It would seem that author Justin Gregg chose the narwhal more or less randomly for the fetching cover art and title of If Nietzsche Were a Narwhal (as an Adjunct Professor at St. Francis Xavier University and a Senior Research Associate with the Dolphin Communication Project, I accept that narwhals are simply one of Gregg’s “favorite marine mammals”, even if I was slightly disappointed not to actually read about the enchanting sea unicorns in the book itself), but counterpointing narwhals with Nietzsche does make for an intriguing title and serves to underline the fact that this book is equal parts biology and philosophy. By exploring the latest research into animal intelligence, and comparing the results to what we know about the human experience, it’s hard not to share Gregg’s conclusion that human intelligence — and the undeniable harm we cause to each other and the planet through its unique powers — can be more curse than gift. If only, as Nietzche lamented, we were all as stupid as cattle — living in the moment, neither melancholy nor bored — we would have no existential angst. More cynically, as Gregg writes, “Narwhals do not build gas chambers.” This is a fascinating work of comparative biology that eventually pulls itself out of the misanthropic muck (human intelligence is capable of some good if we choose to use it that way), but when Gregg repeats a few times that there’s a 9.5% chance that humanity will be responsible for our own extinction by the end of this century, it’s hard not to default to Nietzchean nihilism. Interesting and thought-provoking (if a little bleak), rounding up to four stars. (Note: I read an ARC through NetGalley and passages quoted may not be in their final forms.)

Like most human cognitive achievements, language is a double-edged sword responsible for as much misery as pleasure. Would we, as a species, be happier without it? Quite possibly. Would the world have experienced as much death and misery had humans remained a nonlinguistic ape? Probably not. Language might generate more misery than pleasure for the animal kingdom as a whole. Language falls victim to the Exceptionalism Paradox: It is the ultimate symbol of the uniqueness of the human mind, and yet despite its wondrousness, it has helped generate more misery for the creatures on this planet (including ourselves) than pleasure.

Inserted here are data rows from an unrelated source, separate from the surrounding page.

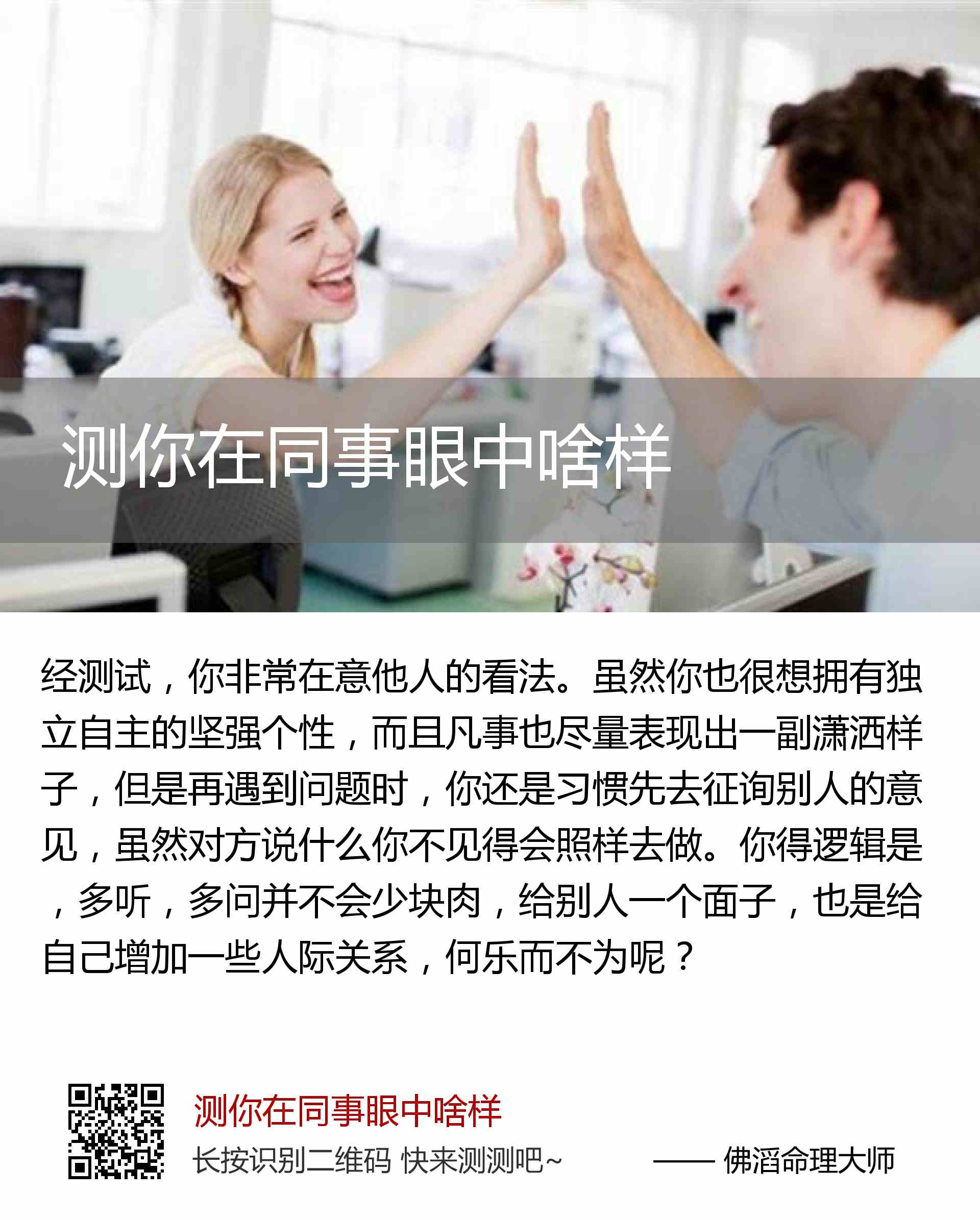 虽然你也很想拥有独立自主的坚强个性,而且凡事也尽量表现出一副潇洒样子,但是再遇到问题时,你还是习惯先去征询别人的意见,虽然对方说什么你不见得会照样去做。你得逻辑是,多听,多问并不会少块肉,给别人一个面子,也是给自己增加一些人际关系,何乐而不为呢?
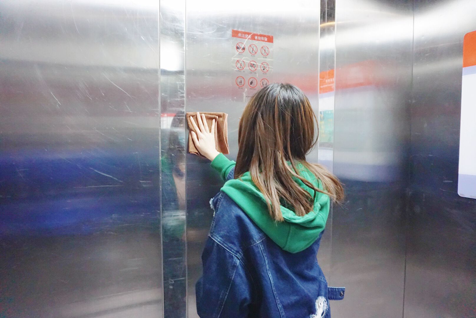 “需要按照同一方向匀速擦拭电梯轿厢,否则会留下斑驳的痕迹;而且电梯四面八方需‘面面俱到’,为了触达顶部还要通过凳子爬升至高处......”这是兰欣同学打扫电梯后的复盘总结,令她感到意外的是,电梯清洁不仅仅局限于扫洒和消毒工作,更重要的是定期涂抹保养油,进行润滑的同时也起到防止机械部件生锈的效果。
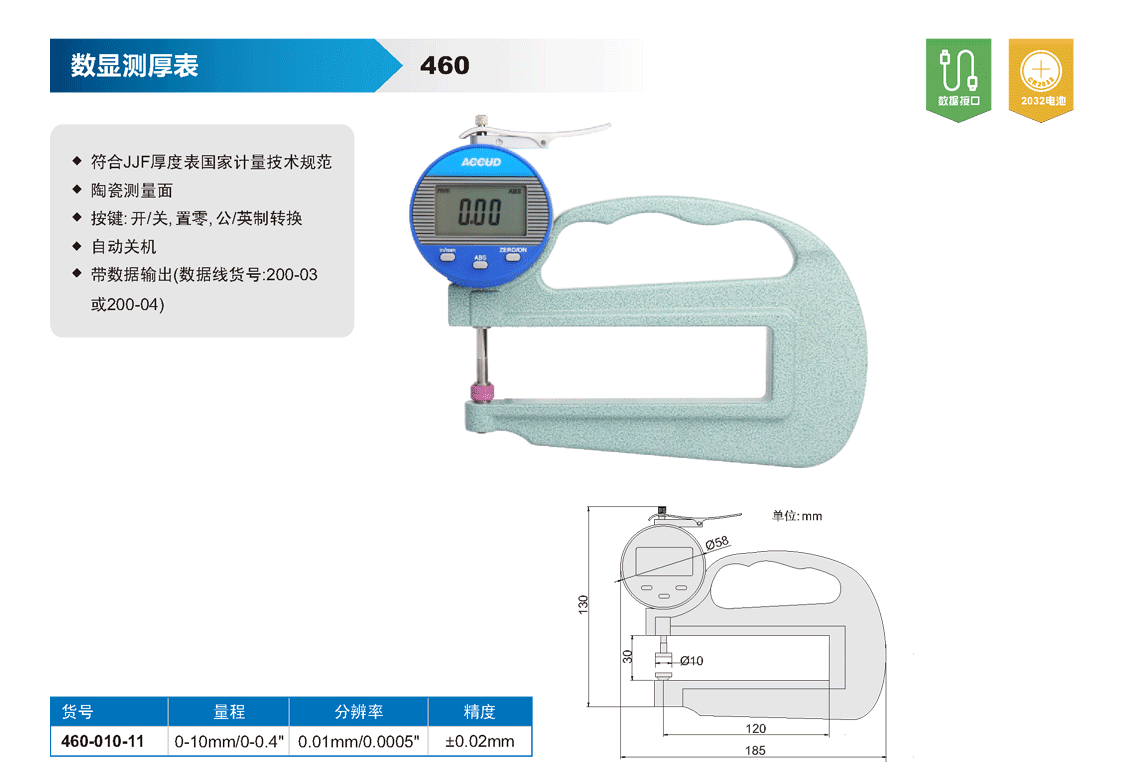 簡短描述: ? 符合JJF厚度表國家計(jì)量技術(shù)規(guī)范 ? 陶瓷測量面 ? 按鍵: 開/關(guān), 置零, 公/英制轉(zhuǎn)換 ? 自動(dòng)關(guān)機(jī) ? 帶數(shù)據(jù)輸出(數(shù)據(jù)線貨號:200-03 或200-04)

Over the course of seven chapters that explore phenomena that we think of as uniquely human traits (not just deception but “bullshitting”, the awareness of our own eventual deaths, morality, etc.), Gregg demonstrates the limits of these traits in non-human animals, and then goes on to explain why the dumb beasts of the field and air are better off without them. In evolutionary terms, Gregg argues against humanity thinking of ourselves as the peak of creation: not only does our unique intelligence cause existential angst and genocide and climate-changing catastrophe, but we’ve been here as a species on Earth for the blink of an eye and will likely wink ourselves out — while bugs and bacteria and crocodilia continue on with their millions of years of existence unaffected by our incidental flashing in the pan. (And as our sun will eventually die anyway, none of us — collectively or individually — will matter in the unimaginably long history of the universe. Cheers.) The science writing is often humorous and always accessible — featuring quotes by Steven Pinker and Malcolm Gladwell and Greta Thunberg — and as an animal-loving scientist who rescues slugs from his driveway before taking his daughter to school every morning, Gregg mostly laments the ecological damage our intelligence has effected:

Our hankering for a snack in the twenty-first century is identical to what it was ten thousand years ago, but our complex cognition allows us to engage in activities (e.g., oil and gas extraction, mechanized farming, soil depletion) on a massive scale, which is transforming this planet into an uninhabitable shithole. Our kitchens are full of foods that come from a global agricultural-industrial complex that is fundamentally problematic to the survival of the human species.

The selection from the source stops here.